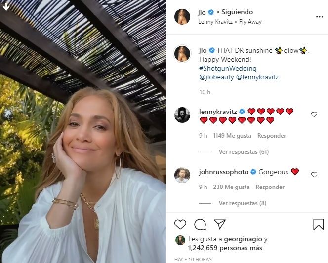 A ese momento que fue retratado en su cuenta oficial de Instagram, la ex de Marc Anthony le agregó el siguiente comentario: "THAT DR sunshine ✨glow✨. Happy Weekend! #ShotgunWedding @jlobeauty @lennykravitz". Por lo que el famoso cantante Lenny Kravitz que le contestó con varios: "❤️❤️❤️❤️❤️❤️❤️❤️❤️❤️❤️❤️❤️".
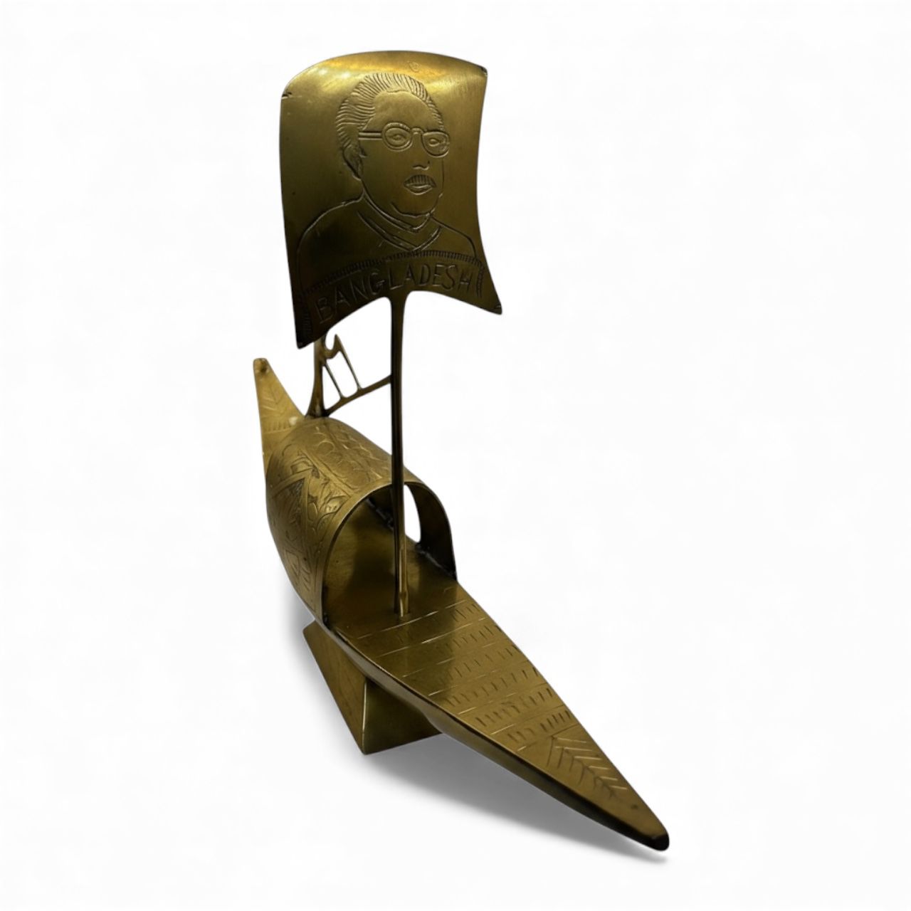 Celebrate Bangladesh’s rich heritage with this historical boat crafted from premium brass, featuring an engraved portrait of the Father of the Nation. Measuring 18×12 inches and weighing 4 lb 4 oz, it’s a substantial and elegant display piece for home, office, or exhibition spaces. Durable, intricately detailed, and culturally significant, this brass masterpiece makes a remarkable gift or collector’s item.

■ ■ ■ ■ ■ ■ ■

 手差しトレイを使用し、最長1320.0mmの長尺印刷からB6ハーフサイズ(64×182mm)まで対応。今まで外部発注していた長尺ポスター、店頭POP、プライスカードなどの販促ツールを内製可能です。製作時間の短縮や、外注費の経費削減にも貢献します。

■ ■ ■ ■ ■ ■ ■

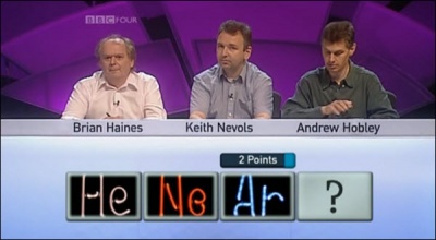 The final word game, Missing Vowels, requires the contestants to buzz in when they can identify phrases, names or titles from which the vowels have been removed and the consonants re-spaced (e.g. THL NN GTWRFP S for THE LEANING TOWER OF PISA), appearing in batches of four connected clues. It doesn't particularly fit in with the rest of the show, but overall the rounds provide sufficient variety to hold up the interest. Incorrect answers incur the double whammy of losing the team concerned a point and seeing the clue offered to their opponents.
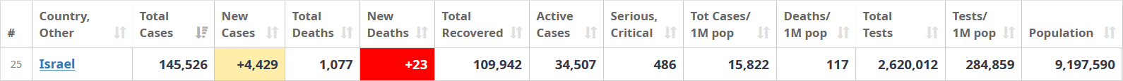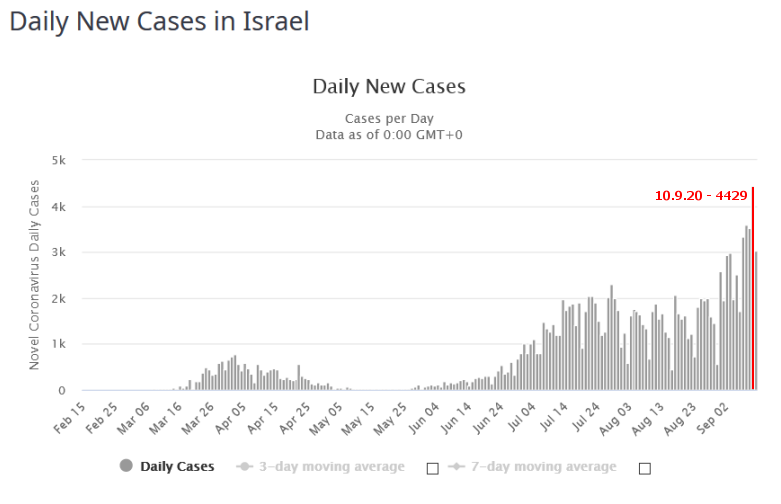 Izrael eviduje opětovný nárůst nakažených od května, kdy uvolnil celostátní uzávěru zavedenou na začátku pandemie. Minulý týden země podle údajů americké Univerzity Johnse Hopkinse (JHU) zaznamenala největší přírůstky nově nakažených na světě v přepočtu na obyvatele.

■ ■ ■ ■ ■ ■ ■

# Prompt
Make an exact copy of the lines above, beginning with the line with "The final word" and ending with the line with "Izrael eviduje opětovný", and keep the pictures out of it.

# Output of the exercise
 The final word game, Missing Vowels, requires the contestants to buzz in when they can identify phrases, names or titles from which the vowels have been removed and the consonants re-spaced (e.g. THL NN GTWRFP S for THE LEANING TOWER OF PISA), appearing in batches of four connected clues. It doesn't particularly fit in with the rest of the show, but overall the rounds provide sufficient variety to hold up the interest. Incorrect answers incur the double whammy of losing the team concerned a point and seeing the clue offered to their opponents.
 Izrael eviduje opětovný nárůst nakažených od května, kdy uvolnil celostátní uzávěru zavedenou na začátku pandemie. Minulý týden země podle údajů americké Univerzity Johnse Hopkinse (JHU) zaznamenala největší přírůstky nově nakažených na světě v přepočtu na obyvatele.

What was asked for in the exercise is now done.